CMS collaboration will analyze jets in the so called monojet and dijet events to probe exotic physics beyond the standard model.
Here we present in detail search plans for different initial integrated luminosities and LHC energies scenarios.
The missing transverse energy + monojet signature has been investigated as a probe for the discovery of large extra dimensions,
as predicted by phenomenological ADD model, with the CMS detector. Signal and background samples were simulated and studied in detail.
Techniques to estimate the background contributions via data-driven methods are discussed.
The discovery reach is studied for initial luminosities at LHC at $\sqrt{s}$ = 14 TeV and $\sqrt{s}$ = 10 TeV.
taking into account systematic uncertainties. It is shown that a significant improvement of the existing limits can be obtained with early data.
Concerning the dijets, we present CMS plans to search for physics beyond the standard model and studies of
jet trigger, jet cleanup, jet response versus $\eta$, optimization of $\eta$ cuts, and the dijet mass resolution.
Estimates are presented for both the QCD background and signals of new physics with a focus on the integrated luminosities 10 pb$^-$1, 100 pb$^-$1, and 1 fb$-^$1 expected
early in LHC running.
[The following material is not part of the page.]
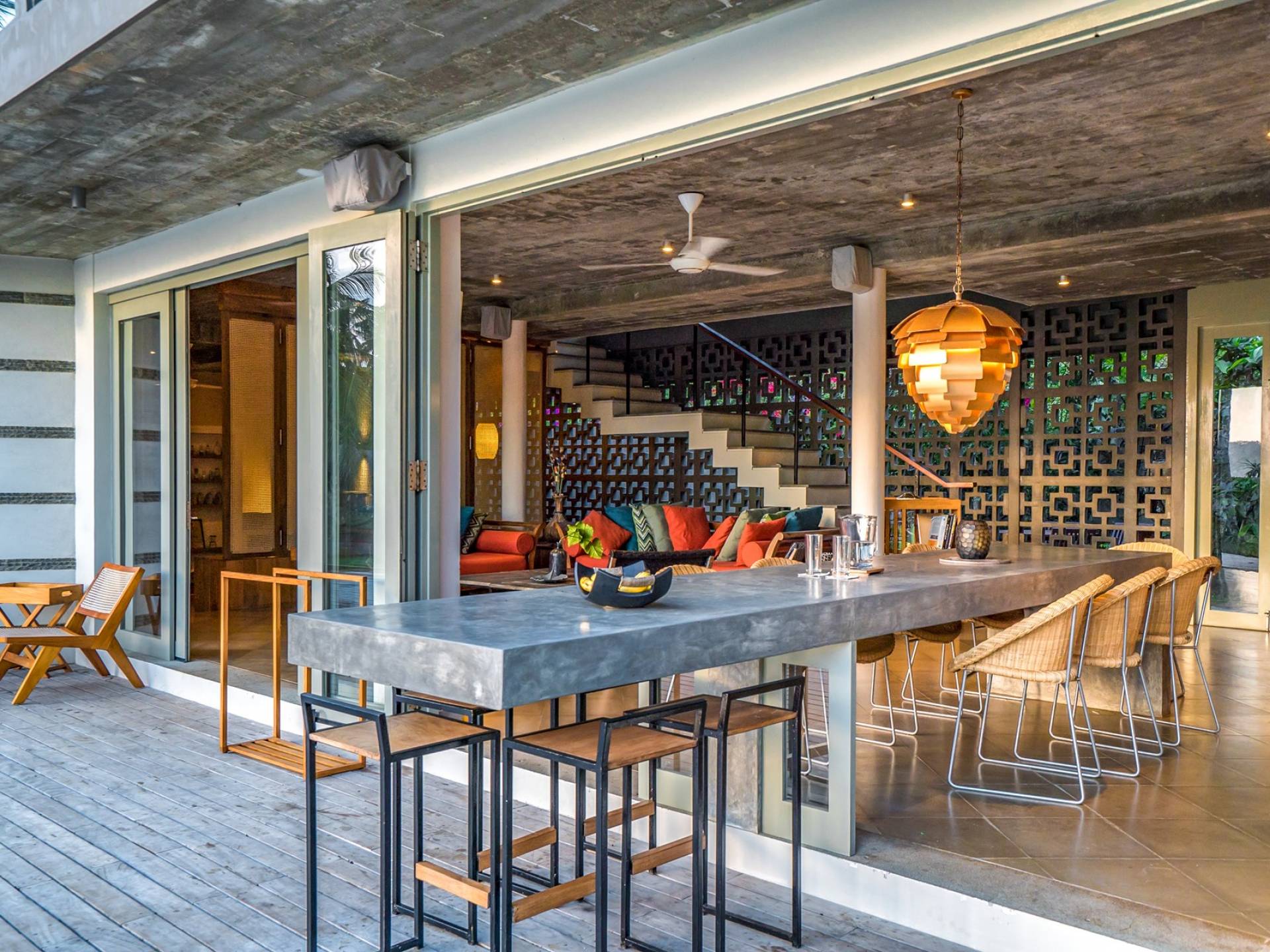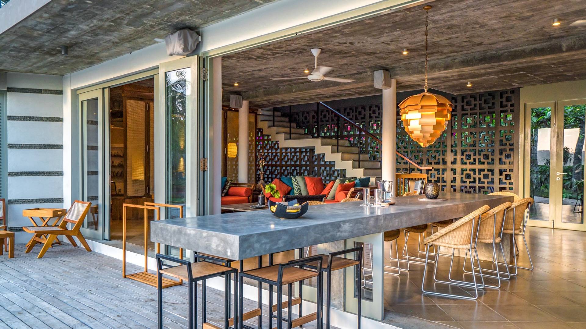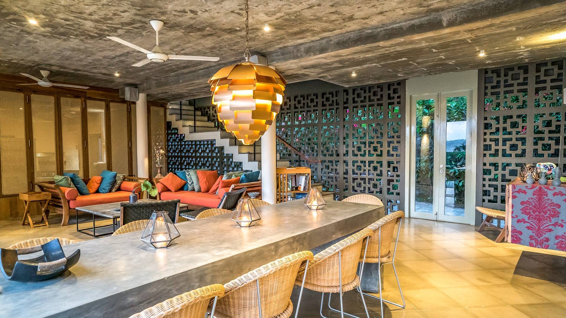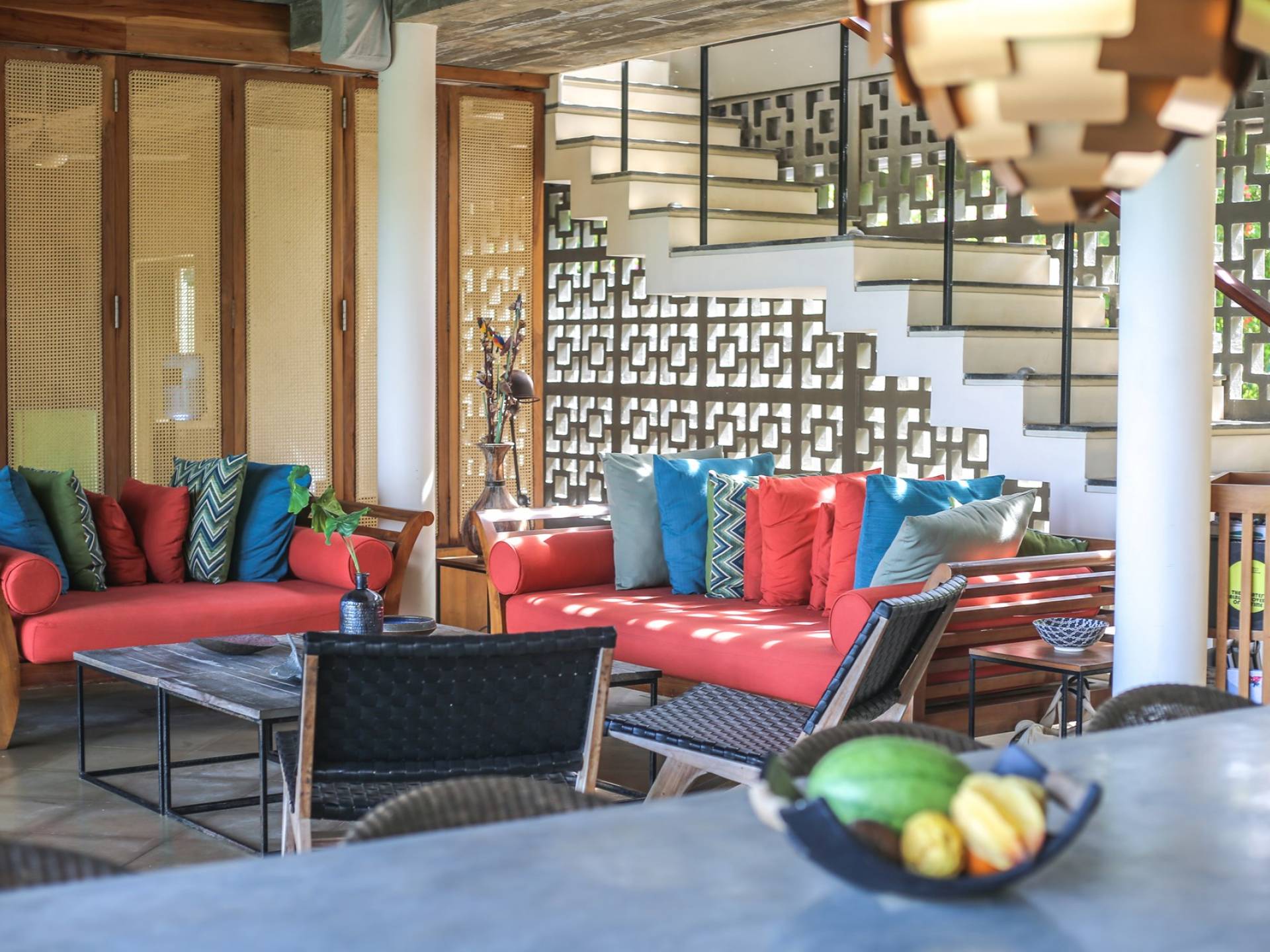 Πλαισιώνεται από το άπειρο άκρο της πισίνας και έναν καταπράσινο τροπικό κήπο. Σε αυτό το σαλόνι, μπορείτε να δειπνήσετε για έως και 14 άτομα στο κεντρικό τραπέζι και οι επισκέπτες μπορούν να χαλαρώσουν στους τεράστιους καναπέδες με θέα στον ωκεανό. Ολόκληρο το σαλόνι ανοίγει στο κατάστρωμα και την πισίνα. Στο ισόγειο, θα βρείτε ένα υπνοδωμάτιο με ιδιωτικό μπάνιο δίπλα στο σαλόνι, με θέα στον ωκεανό και συρόμενες πόρτες που ανοίγουν στο κατάστρωμα της πισίνας. Από το σαλόνι, μια σκάλα σας οδηγεί στο διάδρομο του πρώτου ορόφου με πρόσβαση σε τέσσερα υπνοδωμάτια, όλα με κλιματισμό και ιδιωτικά μπαλκόνια με ανενόχλητη θέα στον ωκεανό.

The inclusive cross section as a function of jet p$_T$ is a first simple measure of QCD dijets which is sensitive to a 3 TeV
contact interaction with only 10 pb$^-$1. With the dijet mass distribution we expect to be able to convincingly observe dijet resonances with large cross sections, such as a 2
TeV excited quark which produces a 13 $\sigma$ signal with 100 pb$^-$1. With the dijet ratio, a simple angular measurement, we expect
to be able to discover a contact interaction scale $\Lambda$+ of 4, 7 and 10 TeV for integrated luminosities of 10 pb$^-$1, 100 pb$^-$1, and 1 fb$^-$1 respectively. Using the dijet ratio
we can discover or confirm a dijet resonance, and eventually measure its spin. With 100 pb$^-$1 a 2 TeV resonance with the production rate of an excited quark produces a convincing signal in the dijet ratio.